Рой на это покачал головой, а взгляд его, устремленный на брата, приобрел странное выражение – снисхождение приправленное горечью:

– А ты не забыл, случаем, от кого сам-то происходишь?! И весь наш род… и, в какой-то мере, вся знать… и соответственно все маги?! М-м?

– От Темного… – ответил Вик. Попутно чувствуя подвох в вопросе, но никак не ухватывая, в чем его суть.

А дальше он, все больше слушал. И в голове его, тем временем, что-то страгивалось с места и закручивалось, пускаясь в несвойственные ему раздумья. И хотя Вик, в отличие от брата, к наукам не особенно тяготел, но в меру приличное образование все же получил. И теперь он с трудом воспринимал, что те непреложные истины, впитанные им еще в детстве, для большинства живущих ныне людей всего лишь сказки давних зим, с не раз переиначенным сюжетом. Он-то, десять зим в дальнем замке просидел, в пол уха старенького учителя слушая, а тут, оказывается, такие дела творятся – непонятные, серьезные… страшные, которые с набега и не уразумеешь!

Простому народу, отринувшему когда-то веру в Создателя Единого, как в Многоликого, теперь было естественней превозносить лишь его Светлый Лик. Это же так легко и понятно, нести свои горести и проблемы именно к Нему – Чистому и Сияющему! А потом, покаявшись, ожидать, что он Своим Светом очистит и их от малых и больших прегрешений.

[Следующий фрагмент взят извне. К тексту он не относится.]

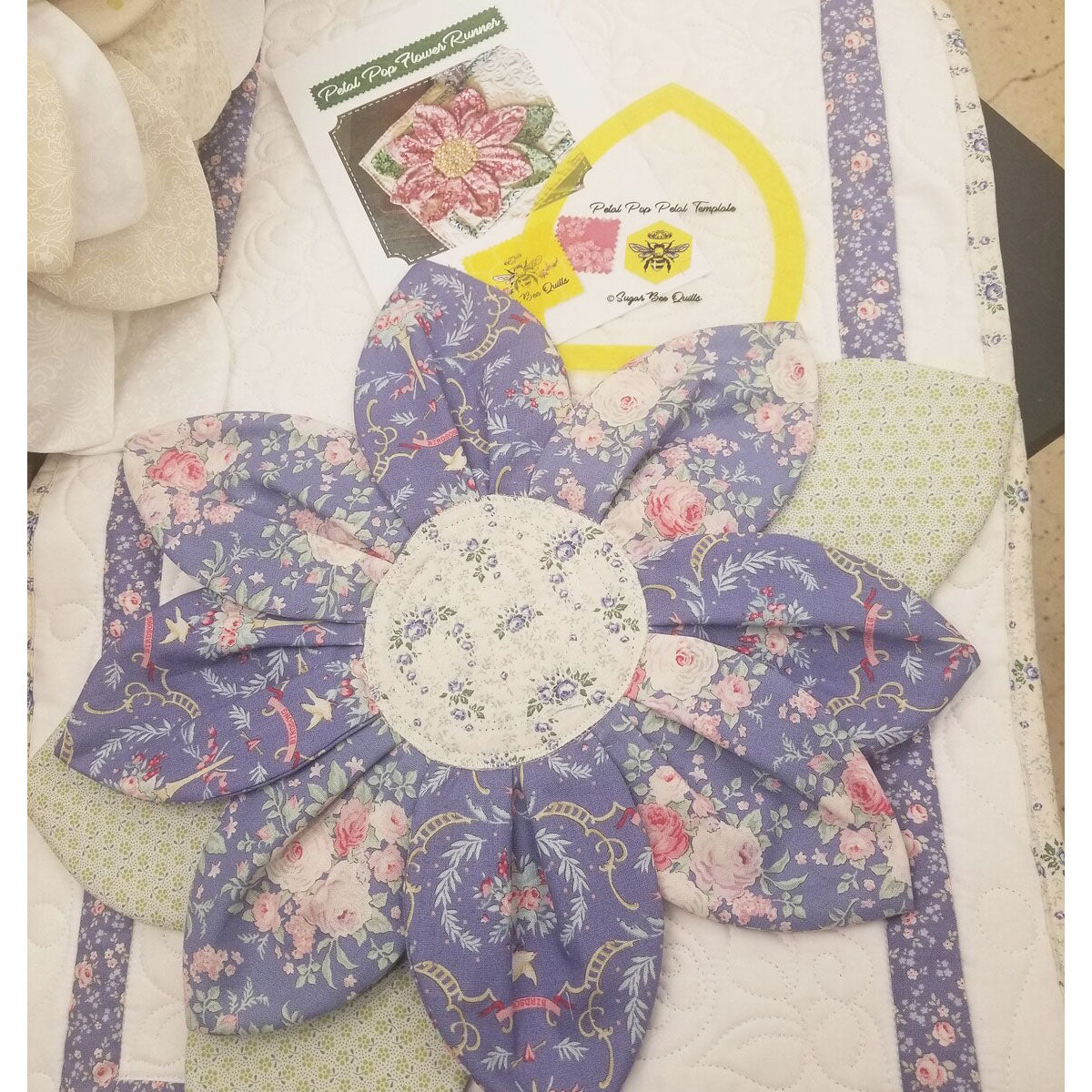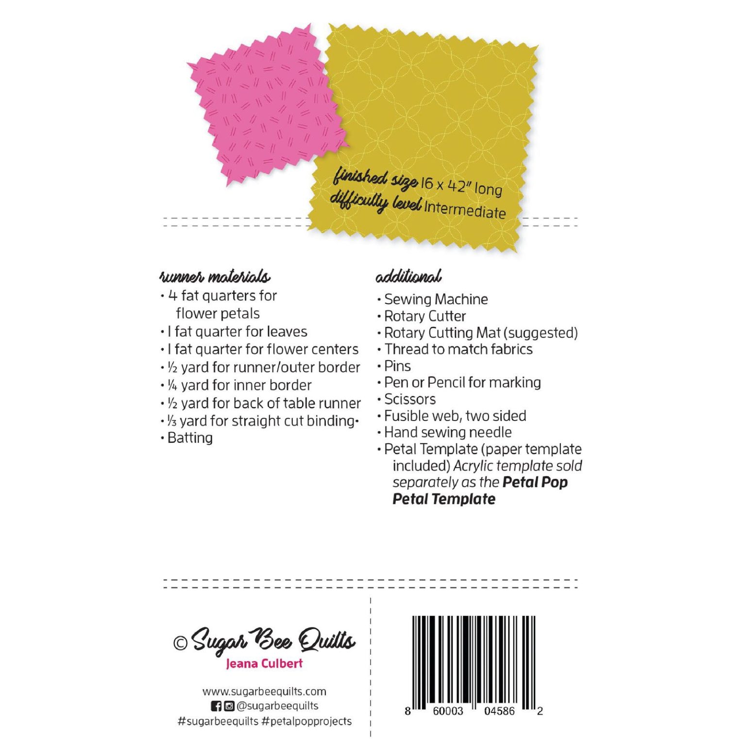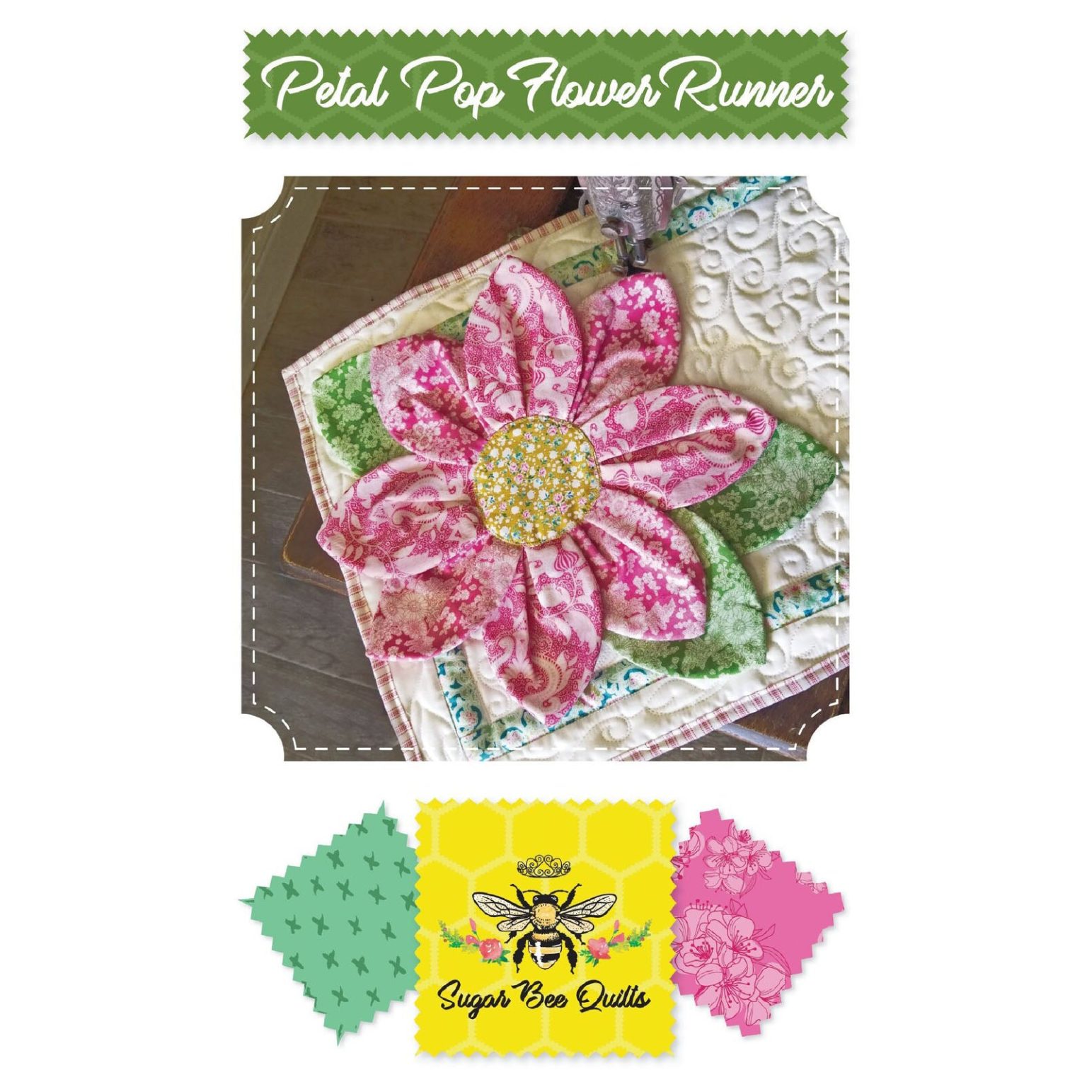 Jeana Culbert designed the Petal Pop Flower Table Runner Pattern from Sugar Bee Quilts. This pattern includes instructions on how to create a charming

А что Темный? В балладах тех перепетых и присказках пересказанных, только-то и осталось, что Он многоженцем был, излишества разные насаждал, да магов не сотворил, как подобает божеству, а породил, как каждая человеческая пара своих детей рожает – через утехи постельные и утробу матери.

Чему там можно поклоняться?! За что челом об пол бить?!

Маги, они чужды простому люду – живут долго, дела творят такие, что косным умом и не понять, да и могущественны непомерно по человеческому разуменью. Страх от них один – да и только! Семь жен – это вообще непотребство несусветное! А излишества разные простому человеку и не по карману – так не нужны они вовсе. И, самое-то главное, благости в Темном нет и благолепия! Как такой прощением одарит, от грехов отмоет?

И давно уже осталось за гранью короткой человеческой памяти, что в облике Темном в Мир приходил Сам Создатель Единый, а Лик тот был всего лишь «одеждой» пригодной для выполнения определенной работы. Как кузнецу положен фартук из толстой кожи, а продавцу сладостей – из беленого льна, ну а пахарю вообще фартук непотребен – одевай что поплоше, да посвободней, чтоб движения не сковывало. Нет, не помнят этого уже – забыли все!

Забыли и то, что женщины, взятые Темным в супруги, были не для услаждения низменных желаний, а для обучения и порождения магов. Да и количество жен было обусловлено, собственно, не ненасытной чувственностью Его, а магией чисел. И забылось давно, что волшебники те были рождены для защиты всего рода людского от властных эльфов. Потому что Большая Битва ушла годами так далеко, что для людей, с их кратким веком, отгремела в незапамятные времена. И если не забылось еще, что была она между людьми и эльфами – то и это счастье великое, а вот причины, приведшие к ней, вряд ли мог назвать хоть один человек из тысячи.

И уж тем более выпало из человеческой памяти то, что в народе давно числилось за «излишества». И были это совсем не блага, за деньгу покупаемые, а всего лишь чувства, владеющие людьми.

Это Любовь! К женщине, ребенку, брату или матери – не важно. Сострадание живое! Страх безбрежный! Гнев неуправляемый! Жадность затягивающая! И все проявления этих чувств – чистые, сами по себе или частичные, замешанные в одно из многих, или подогреваемые извне, и есть тот дар, что преподнесен всем Темным при сотворении.

А вот то, что людские яркие чувства часто зависят от тех самых материальных благ – вот это-то и вносит сумятицу и путаницу в понимание сего дара. И это уже от каждого человека зависит, что вызывает в нем эти чувства. Один порадуется, дав монетку нищей старухе, а другой напьется от счастья, что увесистый кошелек нынче в толпе срезал. Один разозлится, увидев ребенка обиженного, а другой изойдет злобой, если у соседа вдруг лошадь новая появится.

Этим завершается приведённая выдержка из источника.